I'm a Computer Science student with a focus in Artificial Intelligence at Oregon State University. Originally I'm from Lebanon, I grew up in Saudi Arabia, and I currently live in the US. As someone with a deep love for computers, I constantly explore beyond writing code and like to delve into every aspect of the field of technology. This includes, but is not limited to: developing proficiency with the shell/command line; daily driving Linux and familiarizing myself with Unix environments; as well as setting up Linux servers for remote development and training neural networks. I'm always eager to pick up new skills when it comes to areas I don't know, thanks to my burning curiosity, inquisitive nature, and understanding that there is always more to learn. During a software engineering class, a partner and I led a semester long project managed by SCRUM. We used task management systems like Jira and practiced clear, consistent communication. In addition, I can speak, read, and write in both English and Arabic, and am currently learning French. The combination of both my technical and interpersonal skills allows me to be a valuable asset to any team.
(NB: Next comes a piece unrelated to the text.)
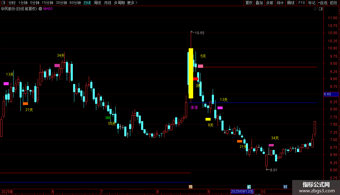 DRAWTEXT(VARZT=7,L*0.95,'8天'),COLORYELLOW;

I first recreated the classic game of Minesweeper in Python with an intuitive GUI. Then I developed a bot that is able to traverse the Minesweeper board and effectively emulate human gameplay, which can solve 100% of deterministically solvable boards!
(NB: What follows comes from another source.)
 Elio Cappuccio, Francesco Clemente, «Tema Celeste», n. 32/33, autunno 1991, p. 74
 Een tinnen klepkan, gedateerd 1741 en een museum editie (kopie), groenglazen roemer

the color represents the bot's moves
Pathfinding-Visualizer is an interactive GUI where users can draw a traversable map by placing barriers, a start node, and a target node, then visualize one of the following well known pathfinding algorithms: breadth first search, depth first search, Dijkstra's, or A*.
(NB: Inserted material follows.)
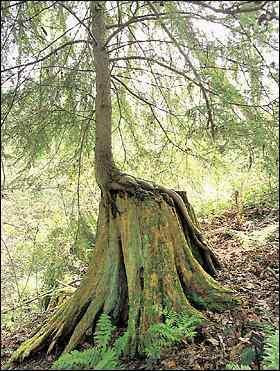 While mowing one day I noticed something interesting about the tree. About two inches above the ground a few branches had sprung forth. After about a month I noticed that there were close to a dozen small branches growing from this area close to the ground. The remainder of the tree was dead, brittle, and the bark was pealing away.

This is my first Neural Network I've ever built! It can classify drawings of basic shapes (e.g. triangles and squares) using a Convolutional Neural Network. It achieved a noteworthy accuracy of 98.6% on the test set!
Spotify QuickSaver runs on a Raspberry Pi and uses the Spotify API to enhance the listening experience. With a simple button press, users can save the currently playing song without needing to open Spotify, reducing interruptions and helping them stay focused on their work.
A simple Movie recommender system that uses content based filtering and Word2Vec models to recommend similar movies based on title, genre, and user applied tags.
SpotifyTrees is a Python tool leveraging the Spotify API that organizes my Spotify playlists hierarchically based on sub-genres. It automatically distributes songs in sub-genre playlists up through its parent playlists on a daily Cron job. I have it managing over 3,000 songs across a tree of about 80 playlists!